The system has been used in the 2022-23 Champions League group stage and at the 2022 World Cup with success. It looks like it is here to stay and is likely to be rolled out further. SAOT hasn’t replaced the decision-making of referees, but it’s quickly become a valuable tool, giving them the precise information that they can use to make the right call.

How Football Clubs Use AI to Keep Players Fit

The packed schedules of modern players, especially those who face the combined demands of domestic, continental and international competitions, make it more important than ever to monitor fitness and spot any injury risks early. This has made player fitness one of the areas where AI has first had an impact in football.

Zone7 is an American data company that uses AI to help players maximise their performance levels while avoiding injury. One of their clients, Los Angeles FC, was crowned MLS champions in 2022. The platform helped keep the team in optimum condition, including reducing injuries per game played by 17%.

Zone7 use AI to analyse data and detect patterns that reveal when players are getting injured and what is causing these injuries “They retrospectively analysed the data we gave from the previous season – all our GPS data, force platform data, injury data, etc,” revealed Gavin Benjafield, LAFC’s Performance Director.  “Through that exercise they could tell us, ‘Here are some of the most sensitive markers that were flagging at the time X player, or players, is sustaining most of their preventable injuries.’”

Demand for Zone7’s services is growing. Other clubs that now use the platform include Napoli in Italy’s Serie A and Leeds United and Liverpool in the English Premier League.

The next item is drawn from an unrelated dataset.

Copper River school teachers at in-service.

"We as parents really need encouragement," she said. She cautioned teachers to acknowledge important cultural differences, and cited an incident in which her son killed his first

How Liverpool Have Been Collaborating with DeepMind

Since their takeover by the Fenway Sports Group in 2010, Liverpool have been at the forefront of data analytics in football. Their world-leading data department includes data scientists with PhDs from Harvard and Cambridge University. Its insights and innovations have helped manager Jürgen Klopp put together a team that has won both the Premier League and the Champions League.

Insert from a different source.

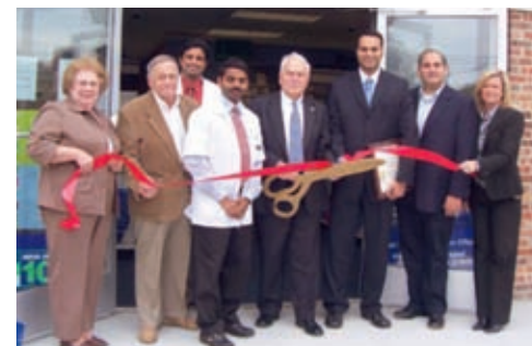
Holiday City Pharmacy Grand Opening/Ribbon Cutting.

Despite this success, those working at Liverpool have wanted to go further and push the boundaries of what it’s possible to do with football data. This led to them working with DeepMind, an artificial intelligence company and research laboratory owned by Google.

The partnership allowed the club access to advanced AI that was previously beyond their reach.  “Liverpool has got one of the biggest and most-developed analytics departments in football, and we don’t have anything like the resources that we need to build these models ourselves,” says Ian Graham, the club’s Director of Research. The collaboration was helped by the fact that Demis Hassabis, DeepMind’s founder, is a big Liverpool fan.

The Anfield club handed DeepMind data on every one of their Premier League games between 2017 and 2019 and experts from the two organisations worked together to find ways AI could use the data to support the work of coaches and players. The eventual result was the publication of a joint research paper in 2021. 

One of the key findings of the paper was that AI could be used to predict how players in a specific team would react in different situations. This has the potential to transform opposition analysis, as it would allow a team to test how a team would react to particular tactics. The analysts and the coaching team would be able to test several different ideas before the game to find out which strategy would be the most effective to use.

Professor Karl Tuyls, part of the research team, has spoken about what he sees as the future of AI in performance analysis: “I don’t think you will see big impacts in the next six months or a year, but in the next five years some of the tools will be more developed, and you could see something like an ‘Automated Video Assistant Coach’ that can help with pre and post-match analysis, or can look at the first half of a game and give you advice on what could be changed in the second half.”

AI is unlikely to replace the role of performance and recruitment analysts in the game, but it does offer them a powerful new tool. Machine learning has the potential to make analysis more detailed, accurate, and insightful. It’s the next stage of the data revolution.